Sessions enable you to attach catalogs, tables, and create temporary objects which are accessible through both the Python and SQL APIs. Sessions hold configuration state such as current_catalog and current_namespace which are used in name resolution and can simplify your workflows.

Example#

import daft

# `import daft` defines an implicit session `daft.current_session()`

from daft import Session

# create a new session
sess = Session()

# create a temp table from a DataFrame
sess.create_temp_table("T", daft.from_pydict({ "x": [1,2,3] }))

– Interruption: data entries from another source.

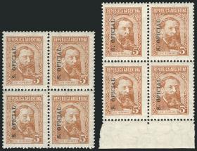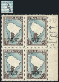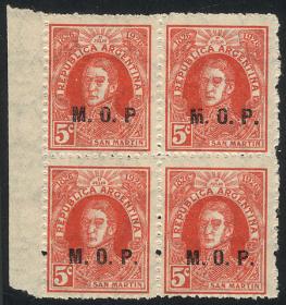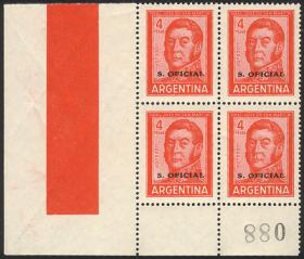826 ARGENTINA - SERVICIO OFICIAL Multiplo / Nuevo con bisagra N°Cat.: GJ.428 Valor de catál.: US$ 50 Buena GJ.428, 30c. San Martín sin punto después del valor, dentado 13¼x12½, con sobrecarga levemente desplazada, en bloque de 100 sellos, con bordes de hoja y número de plancha, algunos puntitos de óxido Precio inicial: US$ 10 Precio actual: US$ 10 Oferte US$ 10 o más
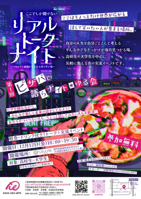 高校生や大学生を中心に気軽に集える夜の交流イベントです。
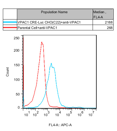 VPAC1 CRE-Luc CHO 報(bào)告基因藥靶模型很好的模擬了體內(nèi) VPAC1 的信號(hào)轉(zhuǎn)導(dǎo)過(guò)程, 原理見(jiàn)下圖所示。![]() Figure 1. VPAC1 CRE-Luc CHO 細(xì)胞模型原理圖 |
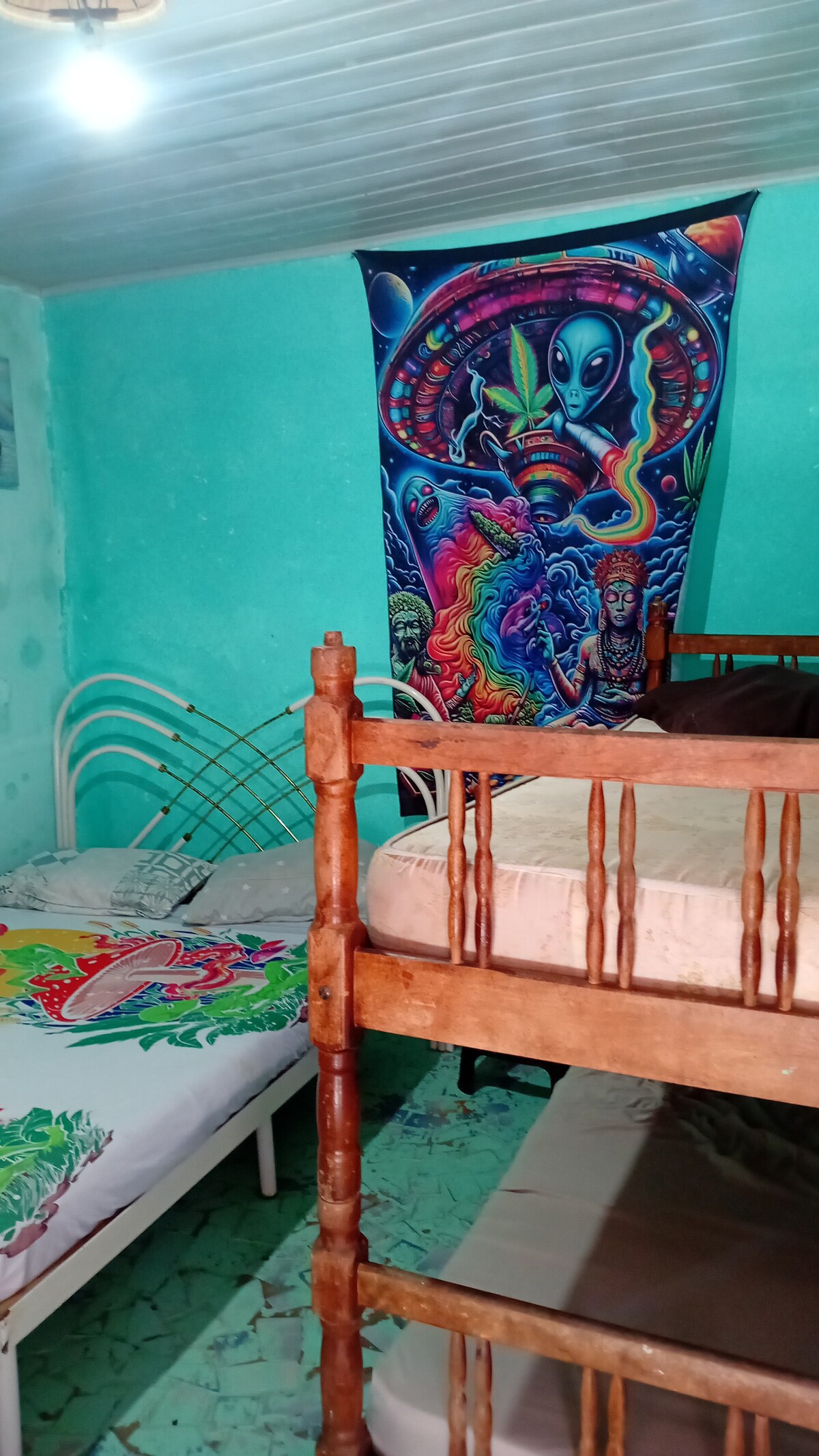 Casa adosada (solo planta superior) 1 dormitorio (con 1 cama doble queen + 2 colchones individuales sueltos), 1 baño, sala de estar, cocina americana (1 nevera duplex). Ventilador de techo en el dormitorio y en la sala de estar. 1 ventilador de pie. Toda la casa 220V Altillo con 1 colchón individual. Para 5 personas. Traer ropa de cama, mesa y baño.

# read table as dataframe from the session
_ = sess.read_table("T")

# get the table instance
t = sess.get_table("T")

# read table instance as a datadrame
_ = t.read()

# execute sql against the session
sess.sql("SELECT * FROM T").show()
╭───────╮
 x     
 ---   
 Int64 
╞═══════╡
 1     
├╌╌╌╌╌╌╌┤
 2     
├╌╌╌╌╌╌╌┤
 3     
╰───────╯

Usage#

This section covers detailed usage of the current APIs with some code snippets.

Setup#

Note

For these examples, we are using sqlite Iceberg which requires pyiceberg[sql-sqlite].

from daft import Catalog
from pyiceberg.catalog.sql import SqlCatalog

# don't forget to `mkdir -p /tmp/daft/example`
tmpdir = "/tmp/daft/example"

# create a pyiceberg catalog backed by sqlite
iceberg_catalog = SqlCatalog(
    "default",
    **{
        "uri": f"sqlite:///{tmpdir}/catalog.db",
        "warehouse": f"file://{tmpdir}",
    },
)

# creating a daft catalog from the pyiceberg catalog implementation
catalog = Catalog.from_iceberg(iceberg_catalog)

# check
catalog.name
"""
'default'
"""

Session State#

Let's get started by creating an empty session and checking the state.

import daft

from daft import Session

# create a new empty session
sess = Session()

# check the current catalog (None)
sess.current_catalog()

# get the current namespace (None)
sess.current_namespace()

Attach & Detach#

The attach and detach methods make it easy to use catalogs and tables in a session. This example shows how we can attach our newly created catalog. When you attach a catalog to an empty session, it automatically becomes the current active catalog.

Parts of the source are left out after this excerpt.